Oracle's Strategy for Advanced Analytics
By Mark Hornick-Oracle on Apr 16, 2014
At Oracle our goal is to enable you to get timely insight from all of your data. We continuously enhance Oracle Database to allow workloads that have traditionally required extracting data from the database to run in-place. We do this to narrow the gap that exists between insights that can be obtained and available data - because any data movement introduces latencies, complexity due to more moving parts, the ensuing need for data reconciliation and governance, as well as increased cost. The Oracle tool set considers the needs of all types of enterprise users - users preferring GUI based access to analytics with smart defaults and heuristics out of the box, users choosing to work interactively and quantitatively with data using R, and users preferring SQL and focusing on operationalization of models.
Oracle recognized the need to support data analysts, statisticians, and data scientists with a widely used and rapidly growing statistical programming language. Oracle chose R - recognizing it as the new de facto standard for computational statistics and advanced analytics.

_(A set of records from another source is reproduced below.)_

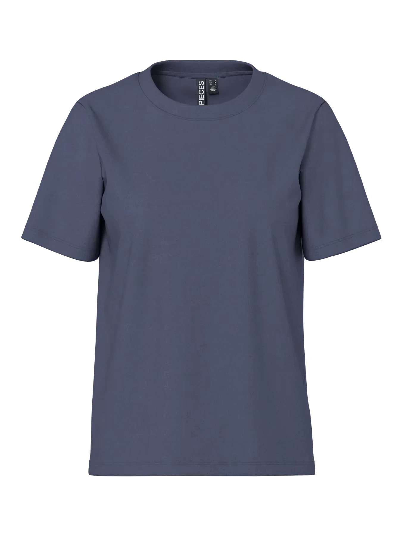 Rundhalsad stålgrå-blå t-shirt som är höftlång som är i en normal passform så den är inte tajt eller lös. Normal i storleken, pendlar du i storlek kan välja din större om du vill ha en lösare passform och din mindre om du inte vill ha den lös.
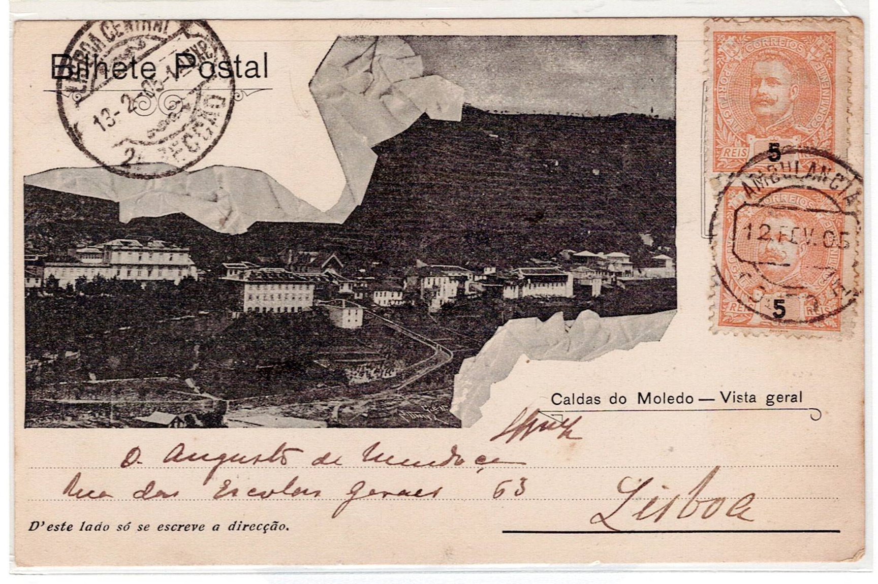 187 imagePostcards Portugal MOLEDO. Monochrome postcard of CALDAS DO MOLEDO. Circulated in 1905 with postmark AMBULANCE with 2 stamps 5 reis D. Carlos Mouchon, minor defects.(Image 1)
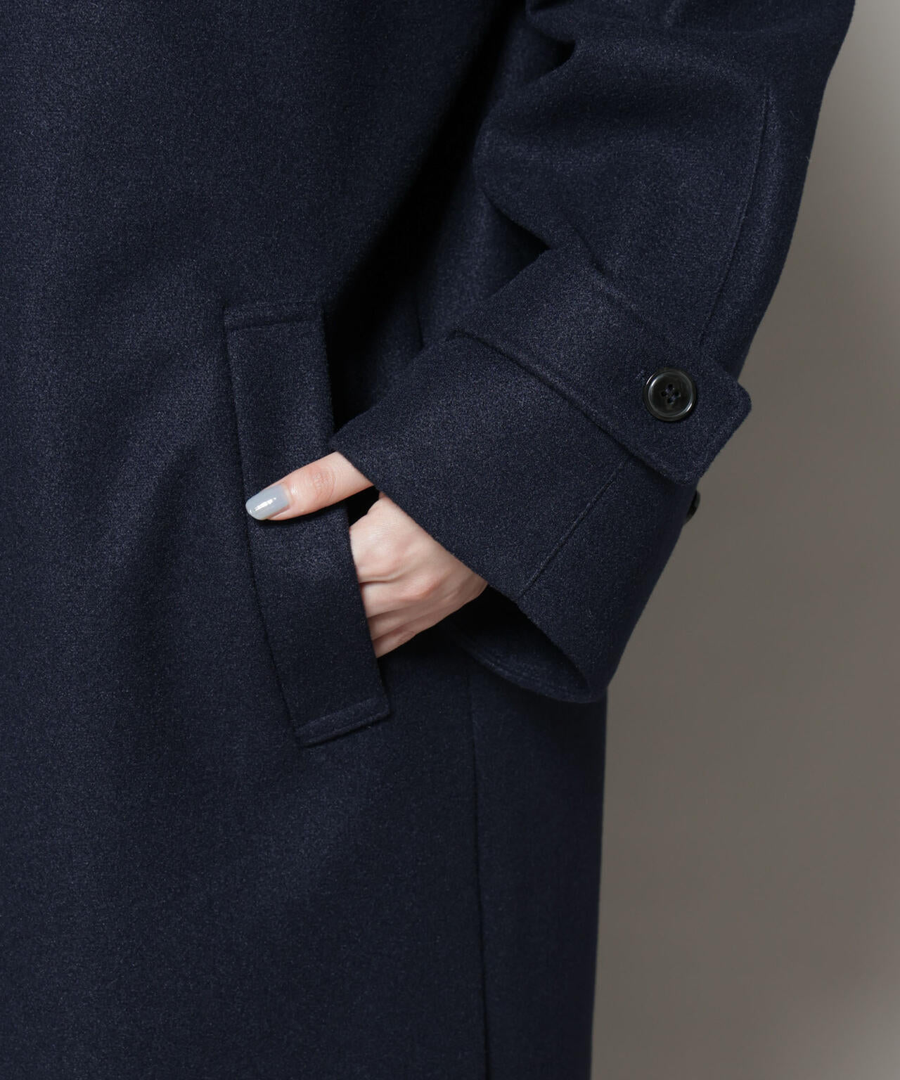 布帛ライクなウール見えのジャージー素材で仕立てた大人顔ロングコート。首元のタブを留めてハイネックとしても着用可能で、ニットやジャケット等、インナーを選ばず気軽に羽織れて秋冬に頼れる一着です。
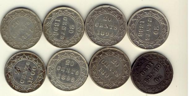 Nfld 1888 20¢, 1890, 1894 Obv1, Obv2, 1896 Lg6, Sm6, 1899 Lg & 1900. Lot of 8 coins all VF or bette
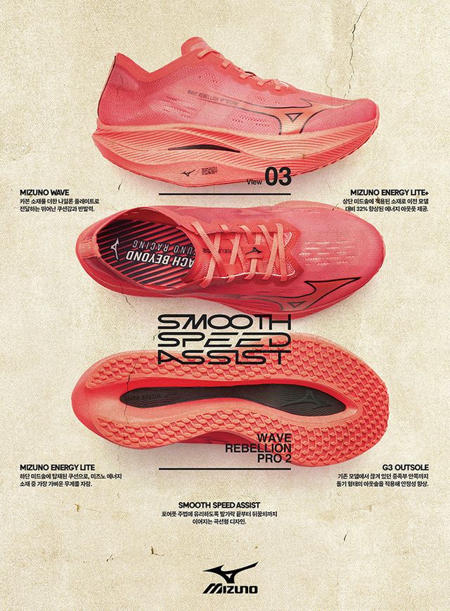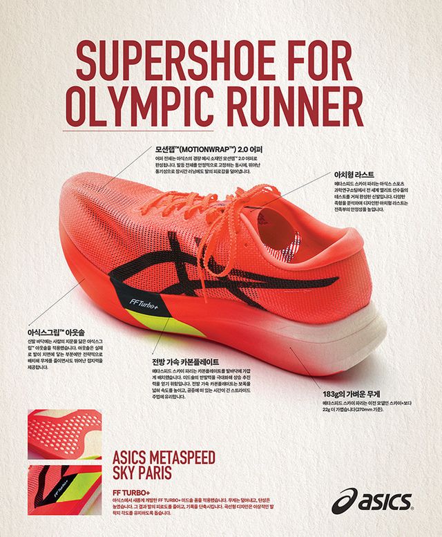 아식스 최초의 마라톤화는 1953년에 나왔다. 러닝화 시장에서 아식스가 특별히 두각을 나타내온 것도 70년 넘게쌓 아온 노하우 덕분이다. 아식스의 최신 러닝화 메타스피드는 러닝 주법에 따라 유리하도록 스카이파리(스트라이드), 엣지 파리(케이던스) 두가 지로 출시된다.2024년 06월호
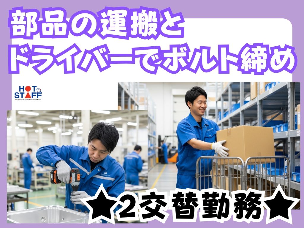 《商品を棚へ収納とアルミ製品のボルト締め》未経験OK/2交替勤務/土日休み/モクモク作業
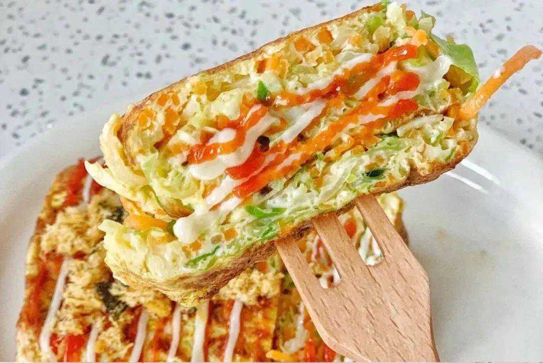 用卷心菜鸡蛋液煎熟后夹上西红柿片、火腿片、芝士片就是无面包版的卷心菜三明治,将卷心菜和鸡蛋液当做饼皮,撒上自己喜欢的配料还能变成卷心菜披萨和卷心菜热狗卷。
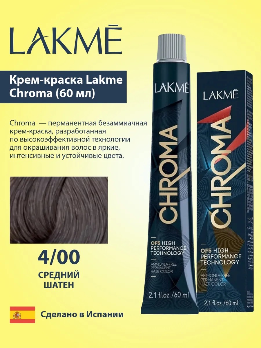 LAKME Крем-краска для волос Chroma 4/00 Средний шатен, 60 мл
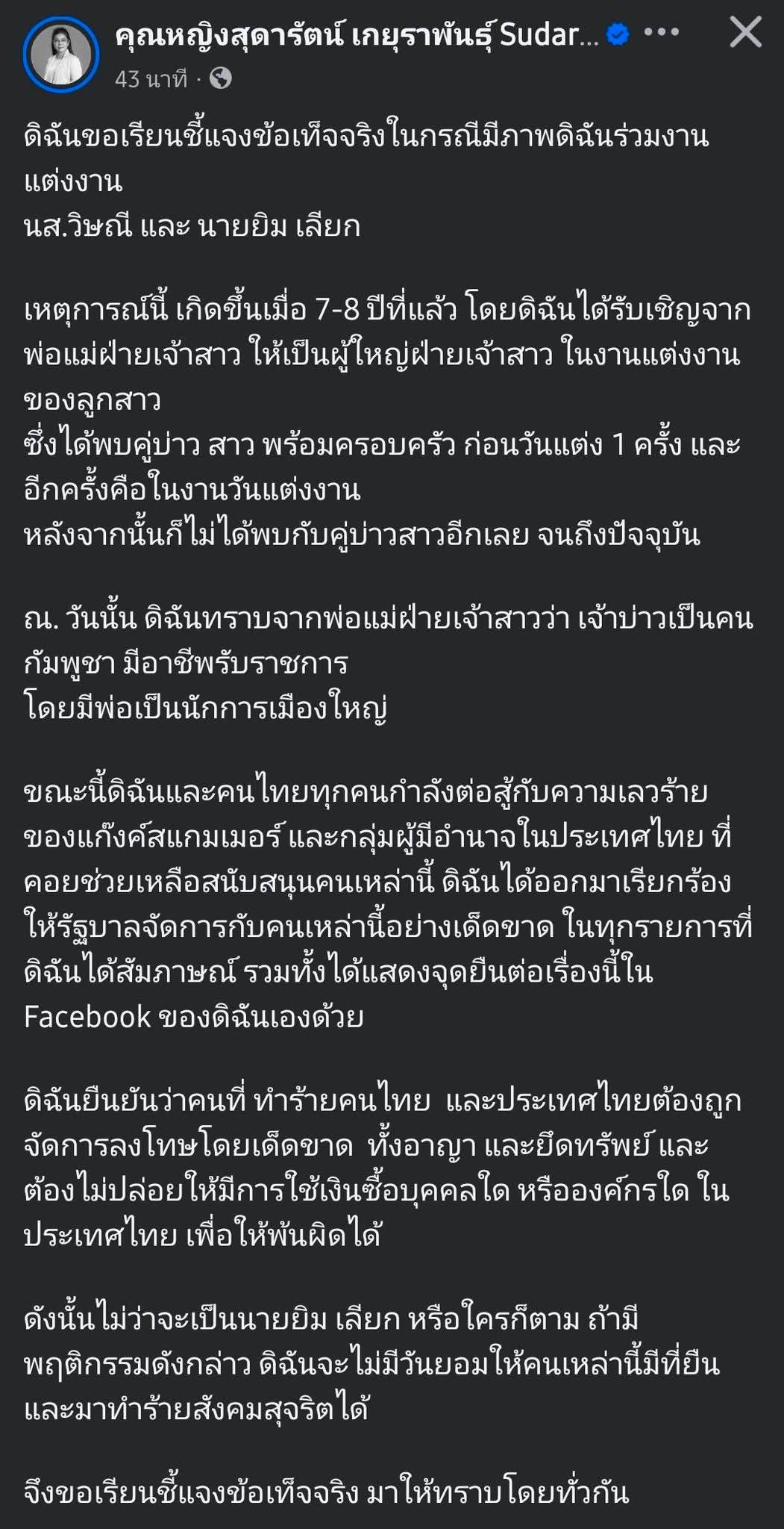หญิงหน่อย สุดารัตน์ เกยุราพันธุ์ หัวหน้าพรรคไทยสร้างไทย ชี้แจงกรณีมีการเผยแพร่ภาพถ่ายที่ปรากฏเธอร่วมงานแต่งงานของ น.ส.วิษณี และ นายยิม เลียก อดีตเจ้าพ่อสแกมเมอร์ โดยระบุว่า เหตุการณ์ดังกล่าวเกิดขึ้นเมื่อประมาณ 7-8 ปีที่ผ่านมา และไม่เคยมีความสัมพันธ์ใดๆ กับคู่บ่าวสาวนับตั้งแต่วันนั้น
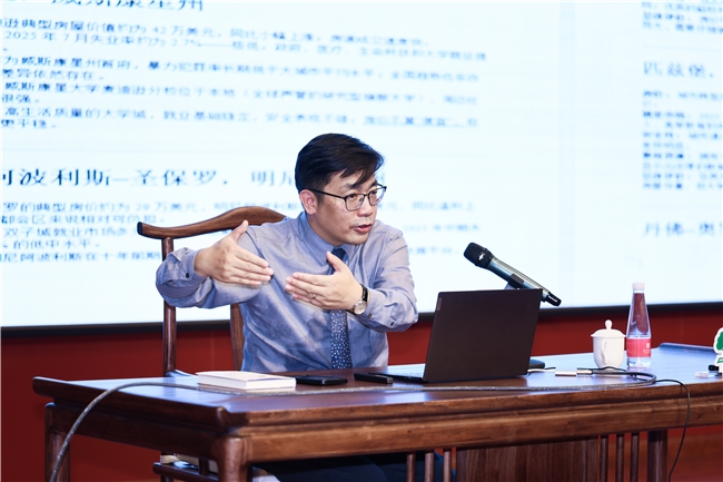 讲座伊始,包刚升教授以生成式AI工具引发的社会热议为切入点,指出当前教育体系正面临一场“前所未有的挑战与重构”。他谈到,AI不仅改变了知识获取与创造的方式,更对传统人才培养模式和职业发展路径提出了根本性质疑。“如果我们传授的知识AI一秒就能答出,如果我们训练的技能AI一秒就能完成,那么教育的核心究竟应该是什么?”这一发问引发了在场观众的深刻反思。

Oracle supports R in at least 3 ways:
- R as the language of interaction with the database
- R as the language in which analytics can be written and executed in the database as a high performance computing platform
- R as the language in which several native high performance analytics have been written that execute in database
Additionally, of course, you may chose to leverage any of the CRAN algorithms to execute R scripts at the database server leveraging several forms of data parallelism.
Providing the first and only supported commercial distribution of R from an established company, Oracle released Oracle R Distribution. In 2012 Oracle embarked on the Hadoop journey acknowledging alternative data management options emerging in the open source for management of unstructured or not-yet-structured data. In keeping with our strategy of delivering analytics close to where data is stored, Oracle extended Advanced Analytics capabilities to execute on HDFS resident data in Hadoop environments. R has been integrated into Hadoop in exactly the same manner as it has been with the database.
Realizing that data is stored in both database and non-database environment, Oracle provides users options for storing their data (in Oracle Database, HDFS, and Spark RDD), where to perform computations (in-database or the Hadoop cluster), and where results should be stored (Oracle Database or HDFS). Users can write R scripts that can be leveraged across database and Hadoop environments. Oracle Database, as a preferred location for storing R scripts, data, and result objects, provides a real-time scoring and deployment platform. It is also easy to create a model factory environment with authorization, roles, and privileges, combined with auditing, backup, recovery, and security.
Oracle provides a common infrastructure that supports both in-database and custom R algorithms. Oracle also provides an integrated GUI for business users. Oracle provides both R-based access and GUI-based access to in-database analytics. A major part of Oracle's strategy is to maintain agility in our portfolio of supported techniques - being responsive to customer needs.